O artigo fala sobre pesquisas de biotecnologia citando algumas empresas e o nome de um crítico voraz do uso da manipulação genética para produzir novos tipos de organismos. O nome dele e o de uma das empresas estão destacados.

Tocando no nome do homem aparece outro artigo datado de cinco anos antes sobre uma reunião às margens do lago D’Wolf que reuniu grupos de ativistas anti-biotecnologia.

Tocando no nome da empresa surgem dados da bolsa, principais acionistas e, entre eles, está o nome da família de Marcos.

Ricardo está diante dele esperando quando seus olhos se levantam tão consternados quanto aqueles que ele viu minutos antes em Ricardo diante da sua porta.

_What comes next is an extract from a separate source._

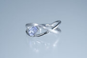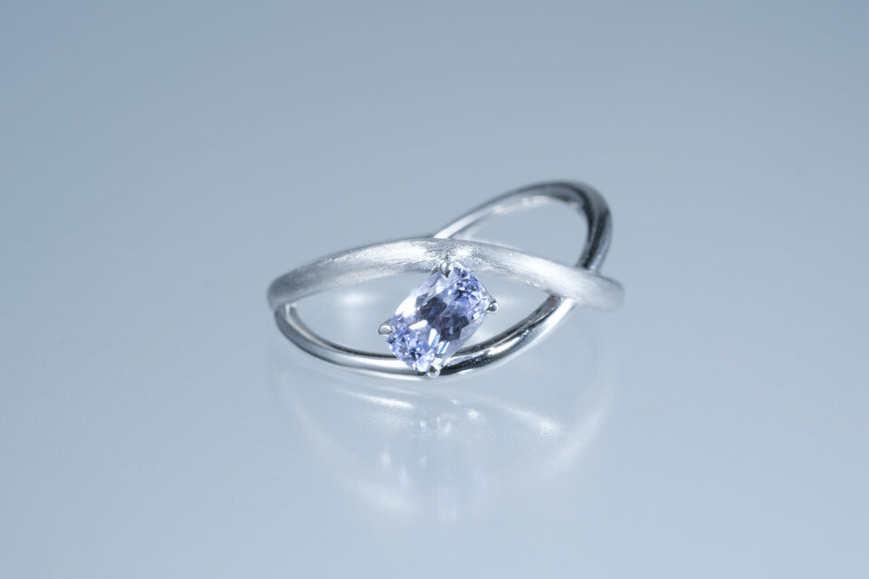 躍動的に交じり合うリングに、透明感あふれるヴァイオレットスピネルを配置しました。

Será que seus instintos estavam lhe avisando do risco quele ele estava correndo, que tipo de contatos influentes um grupo ativista anti-biotecnologia pode ter? Seria o suficiente para se infiltrarem naquele condomínio e na escola?

As conexões intensas entre as famílias que se transferem são esperadas afinal o mundo deles é pequeno, mas a ligação exclusiva entre as famílias dos dois amigos é muito mais do que preocupante, seria um alarme mesmo que o que as conecta fossem partidas de golfe ou frequentar o mesmo supermercado.

Por que a família D’Wolf não se liga a nenhuma outra? Por que os pais de Ricardo parecem preocupados com a segurança da própria família (se os instintos de RIcardo estiverem corretos)?

“São muitas perguntas sem resposta, Ricardo… O que notei foi simplesmente que tenho me sentido… vigiado e em risco. Isso foi o que notei de fato, mas hoje percebi que tem um aviso de carteira perdida no quadro de avisos no fundo da sala há meses e isso foi como um disjuntor ativado na minha cabeça”

“Não está mais lá, Marcos”

“Hein? Como asim?”

“Ontem eu vasculhei o quadro buscando espaço para colocar um aviso procurando um grupo para fazer observação do céu. Tenho um bom telescópio com espaço para acoplar uma câmera, mas não domino o software que faz o rastreamento… Bem, só tinha espaço ao lado desse aviso, por isso lembro dele. Fiz o meu cartaz para caber naquele espaço e, quando fui afixar minutos depois, não estava mais lá. Tiraram”

“É melhor não perdermos tempo… Enquanto não sabemos o que isso tudo significa devemos avisar os nossos pais, concorda?”

Marcos faz um movimento com a mão sobre a mesa e abre uma janela com bordas vermelhas e com título “Comunicação Privada” preenchendo rapidamente uma mensagem para seus pais com o assunto “Cuidado” e no corpo apenas o nome do radical e  a palavra Biotecnologia.

Ricardo vinha observando a janela enquanto Marcos lia os artigos. O vigia estava atrasado alguns minutos.

“Marcos. Temos que sair daqui. Você não acha que existe a possibilidade de estarem atrás de você para chantagear seus pais ou coisa assim?”

Os dois correm em direção à porta dos fundos. Marcos utiliza seu relógio de pulso para desativar todos os alarmes da casa na esperança de não deixar registro da sua saída. Eles terão que driblar as câmeras de segurança do condomínio para o caso delas terem sido invadidas. Pode estar exagerando, mas não tem como saber.

Quando estão chegando à cerca nos fundos escutam uma enorme explosão e, antes que consigam se conscientizar dela, são arremessados por cima da cerca viva pelo deslocamento de ar. A casa de Marcos não existe mais.
A primeira sorte é que eles ficam atordoados e doloridos, mas ainda podem correr. A segunda é que a explosão certamente lhes dará cobertura já que todos os alarmes da vizinhança vão disparar e, quem quer que tenha explodido a casa, pensará que eles estão mortos.